Relationships give us the perfect opportunity for learning so much about ourselves, if we are willing to authentically explore this area of our lives and ourselves, we will come to learn where we are weak and
vulnerable, where we are overbearing and impulsive, where we are loving and nurturing, where we withhold and where we are generous. An intimate relationship that has a foundation of trust and respect and one that is honest and real-will be one of the greatest experiences we will ever have.
Rest assure that we will feel every emotion in our relationships, the high’s and the low’s, right and wrong, the good the bad and the ugly– the full spectrum. The gift of a relationship that can withstand the full experience of obstacles, adversity, challenge and forgiveness is an intimacy with a depth of love that not everyone experiences.
You see, we are so quick to call the game. So quick to judge and think that everything must look a particular way, some think that it’s all black and white and the truth is that it’s not really anything until we add our story to it, until we name it judge it or give meaning to it. Our perspective, our outlook and our thought process will determine how deep we can love, how easily we can accept, how often we will be vulnerable and how much of an impact we will have in our own lives and in the lives of others. If our perspective is old and outdated, if it belongs to someone else or if we are on auto-pilot most of our lives, it’s almost certain that we will have a victim perspective and feel like life is happening to us and that we don’t have much or any control of the circumstances of our lives.

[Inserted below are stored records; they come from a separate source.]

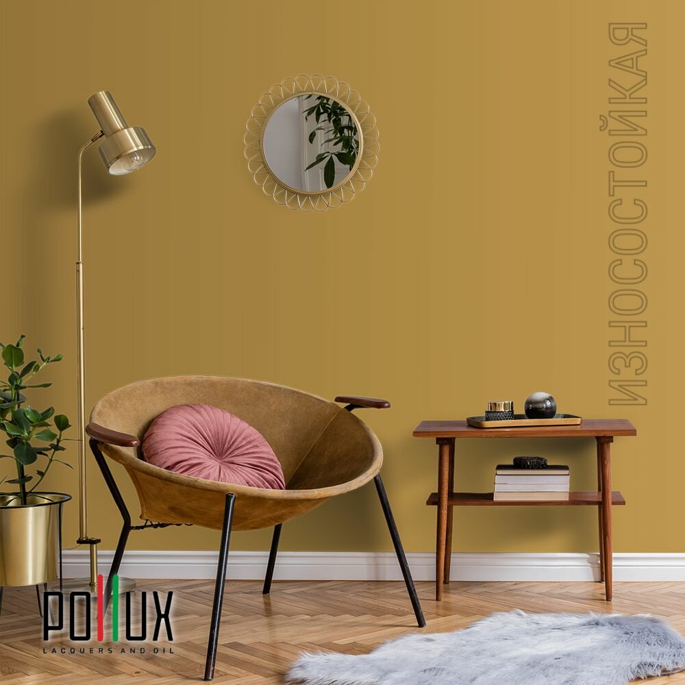 Краска моющаяся интерьерная для стен и потолков, Pollux INTERIOR без запаха, быстросохнущая, акриловая, матовое покрытие, цвет NCS S 0570-Y10R, 1л.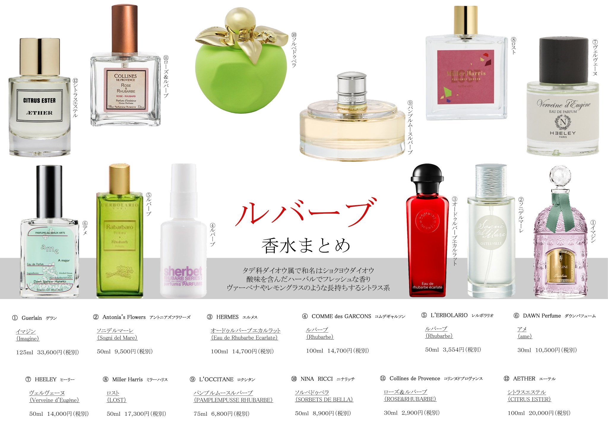 ターコイズグリーン ルバーブの香水まとめです 正確にはルバーブ要素がある香り物まとめ 大好きな香りです エネルギッシュな香りが爽やかさと活力を与えてくれます シトラス系ほど鋭利ではないのにさっぱりとした鼻感触は心地よいですね T Co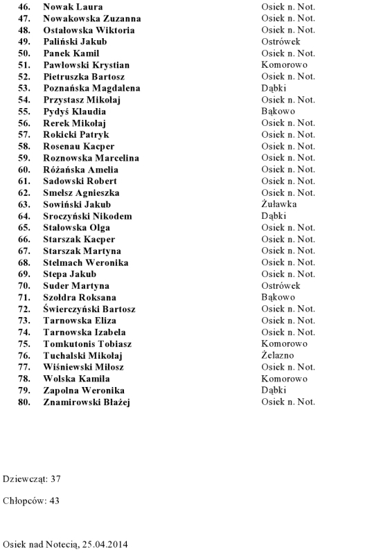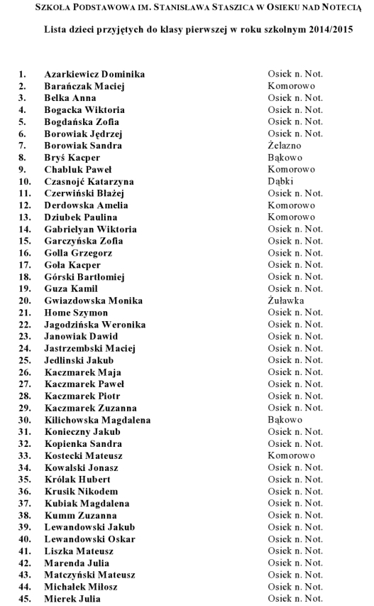Lista dzieci przyjętych do klasy pierwszej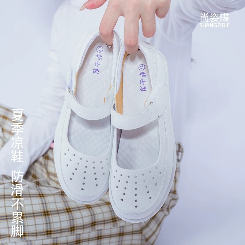 一字牌护士鞋女夏季白色坡跟美容网鞋镂空透气凉鞋防臭平底小白鞋

The flip side of that is 100% responsibility. I will choose to look within, I will pay attention to the things, people and words that “trigger” me because I understand that this is where my own healing will take place- and there really is no crystal ball, magic pill or prescription that will do the work for me. In fact, it’s a life-long process of letting go. Letting go of the idea that someone else is responsible for my happiness or success, letting go of the idea that that relationships must look a certain way, letting go of the idea that he or she must act or be a certain way in order for me to be ok.

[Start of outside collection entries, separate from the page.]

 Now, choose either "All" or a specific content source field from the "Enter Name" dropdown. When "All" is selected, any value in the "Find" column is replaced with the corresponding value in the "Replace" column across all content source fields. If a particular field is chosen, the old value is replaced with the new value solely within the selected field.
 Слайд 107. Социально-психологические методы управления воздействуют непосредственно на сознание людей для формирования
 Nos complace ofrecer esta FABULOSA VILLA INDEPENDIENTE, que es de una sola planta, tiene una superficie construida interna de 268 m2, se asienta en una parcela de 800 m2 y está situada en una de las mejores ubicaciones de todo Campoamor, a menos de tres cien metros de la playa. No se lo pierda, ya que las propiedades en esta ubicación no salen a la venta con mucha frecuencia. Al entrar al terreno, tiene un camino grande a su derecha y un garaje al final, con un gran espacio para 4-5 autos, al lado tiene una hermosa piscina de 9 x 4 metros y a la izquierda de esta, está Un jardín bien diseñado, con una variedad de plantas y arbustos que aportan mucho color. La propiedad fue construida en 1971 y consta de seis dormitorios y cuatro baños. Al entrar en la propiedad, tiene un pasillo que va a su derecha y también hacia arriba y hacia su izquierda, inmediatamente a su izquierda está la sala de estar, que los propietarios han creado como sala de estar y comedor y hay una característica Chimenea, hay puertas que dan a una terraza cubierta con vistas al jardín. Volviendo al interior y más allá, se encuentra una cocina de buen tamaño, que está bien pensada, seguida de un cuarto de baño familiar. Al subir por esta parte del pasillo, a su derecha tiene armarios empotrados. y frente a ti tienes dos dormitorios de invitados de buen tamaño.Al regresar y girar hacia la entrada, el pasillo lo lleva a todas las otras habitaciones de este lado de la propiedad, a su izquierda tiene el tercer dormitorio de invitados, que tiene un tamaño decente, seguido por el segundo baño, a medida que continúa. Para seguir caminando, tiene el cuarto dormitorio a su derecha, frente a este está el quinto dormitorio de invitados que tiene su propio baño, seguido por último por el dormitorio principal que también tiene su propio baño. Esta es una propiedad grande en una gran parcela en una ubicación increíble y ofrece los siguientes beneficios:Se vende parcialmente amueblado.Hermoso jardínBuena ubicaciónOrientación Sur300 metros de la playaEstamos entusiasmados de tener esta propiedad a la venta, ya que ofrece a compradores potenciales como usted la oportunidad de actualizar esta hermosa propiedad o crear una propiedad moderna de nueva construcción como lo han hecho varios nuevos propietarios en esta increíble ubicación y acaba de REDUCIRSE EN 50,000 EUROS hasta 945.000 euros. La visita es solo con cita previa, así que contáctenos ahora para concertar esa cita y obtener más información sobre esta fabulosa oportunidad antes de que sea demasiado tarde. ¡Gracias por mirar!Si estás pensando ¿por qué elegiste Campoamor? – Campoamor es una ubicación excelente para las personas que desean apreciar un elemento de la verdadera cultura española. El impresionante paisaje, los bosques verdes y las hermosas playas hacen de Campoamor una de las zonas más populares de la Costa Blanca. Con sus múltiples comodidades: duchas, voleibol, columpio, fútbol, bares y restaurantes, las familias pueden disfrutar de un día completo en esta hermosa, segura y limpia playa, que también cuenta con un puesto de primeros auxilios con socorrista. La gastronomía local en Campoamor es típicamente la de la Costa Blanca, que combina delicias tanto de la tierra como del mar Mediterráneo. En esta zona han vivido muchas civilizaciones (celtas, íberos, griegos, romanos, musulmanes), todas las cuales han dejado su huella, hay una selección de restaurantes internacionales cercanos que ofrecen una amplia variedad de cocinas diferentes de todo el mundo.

In this process of going inward, we do need to recognize that birds of a feather flock together and that not everyone is equally yoked, in other words; we are all in different levels of understanding, experience and results AND if I am ready to reach new heights in my personal and professional relationships, I must be willing to take an inventory of those who are currently in my life. Who are the ones that lift me up and see me bigger than I see myself? Who is holding me accountable? Who doesn’t accept my excuses and calls me on my BS? Who are those who make excuses for me? Who encourage me in the opposite direction of my dreams and desires. Not good, bad, right or wrong- just an inventory.
It is one thing to be oblivious to it, and it is another to take 100% responsibility and to consciously choose who I will surround myself with. And what about the relationship I have with myself? Where am I arguing for my own limitations? Where in my life am I getting out of the box and being uncomfortable? Growth and expansion does not happen in our comfort zone.
Today I choose to take an inventory of my relationships. How will I express my love and gratitude to those I want to have a closer relationship with? Who will be my fox hole buddy and hold me accountable? What will I do for myself; for my own health and wellbeing? Where will I contribute and how will I make a difference? I am committed to creating happy, healthy and harmonious relationships in my life. I will focus on being the very best version of me and allow grace to bring new and supportive relationships into my life.